Nancy Chargualaf Martin's "Echo Parque."

In her poetic studies of graffiti-strewn buildings, Santa Barbara-based photographer Nancy Chargualaf Martin offers a quiet reflection on an international sign of urban rebellion. Now showing in the upper exhibition space at Antioch University’s Garden Street campus, Martin’s images survey a subject that inspires a barrage of social conjecture.

For many, graffiti is nothing more than visual pollution, but for the practitioners-and for some appreciators-graffiti is a unique blend of visual and performance art. Martin’s work addresses these divergent perspectives.

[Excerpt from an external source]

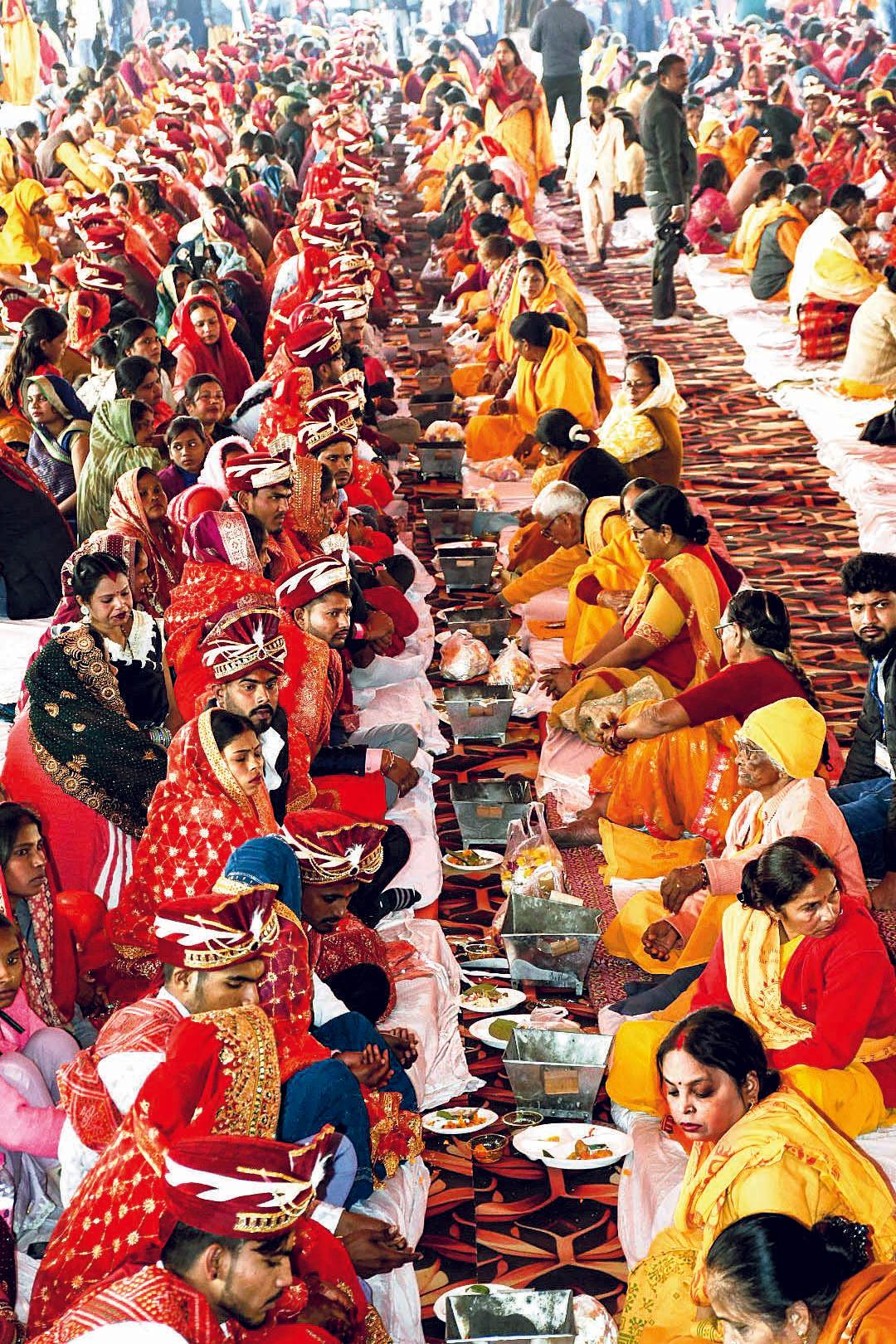 કાનપુરના ચંદ્રશેખર આઝાદ કૃષિ અને પ્રાદ્યોગિકી વિશ્વવિદ્યાલયના મેદાનમાં ગુરુવારે લગ્નની સામૂહિક શરણાઈઓ ગુંજી ઊઠી હતી. અહીં ચોતરફ જ્યાં જુઓ ત્યાં દુલ્હાઓ અને દુલ્હનો જ નજરે પડતાં હતાં. મુખ્ય પ્રધાન સામૂહિક વિવાહ યોજના અંતર્ગત યોજાયેલા આ સમારંભમાં કુલ ૬૩૫ યુગલો લગ્નગ્રંથિથી જોડાયાં હતાં. આવાં સામૂહિક આયોજનોમાં નકલી દુલ્હા-દુલ્હનો અને ગોટાળાઓ ન થાય એ માટે સરકારે બાયોમેટ્રિક ફેસ રેકગ્નિશન સિસ્ટમથી યુગલોને વેરિફાય કર્યાં હતાં.

In some images, the photographer hones in on discrete sections of more elaborate work, bringing to the fore abstract details reminiscent of classic Suprematist paintings. Bright colors and geometric forms play off each other on canvases that range from brick walls to corrugated sheets of iron to riveted metal structures. Many of these abstract compositions have an almost soothing symmetry, but in the moments when the photographer steps back to expose the entire scene, a very different sensibility resonates.

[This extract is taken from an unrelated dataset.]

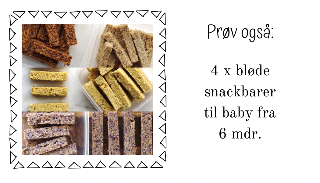 Endnu en opskrift på bløde barer der er nemme at tygge og håndtere i munden for de aller mindste.
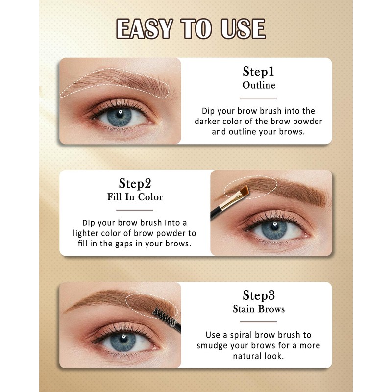 - Easy To Apply - This eyebrow kit is perfect for novice beginners, even newbies can draw natural looking eyebrows like a professional makeup artist. The powder is fine and easy to apply. Features a lightweight formula for natural-looking color and smooth application. Use the eyebrow brush to outline and fill in your brows, fit your brows without clumping and create naturally thicker brows. Thicker, more defined brows in seconds.

Entire buildings are engulfed in layer upon layer of paint-traces left by spray can-wielding artists battling over turf. Two of the more whimsical offerings in this exhibition document railroad cars. In each of these panoramic photographs, the lower regions of a freight car are covered with graffiti, but at a certain elevation, the graffiti disappears. At first, this choice appears to be an aesthetic one, but on reflection, the line of separating the painted region from the blank is determined simply by the artist’s reach.

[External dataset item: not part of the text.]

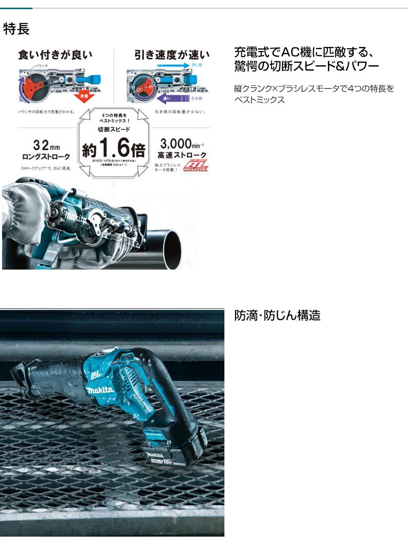 【充電式でAC機に匹敵する、驚愕の切断スピード&パワー】縦クランク×ブラシレスモータで4つの特長をベストミックス

Across this body of work, the artist avoids passing judgment on her subjects. She freely exposes graffiti art in all its menace and its beauty. Of course, Martin’s photographs are considered fine art, while the work she is documenting is considered vandalism. Yet in presenting her subjects starkly, without straying into social commentary, she brings graffiti art a kind of safe zone-a place where pure observation becomes possible, and what might have been seen simply as destruction is reframed as creation.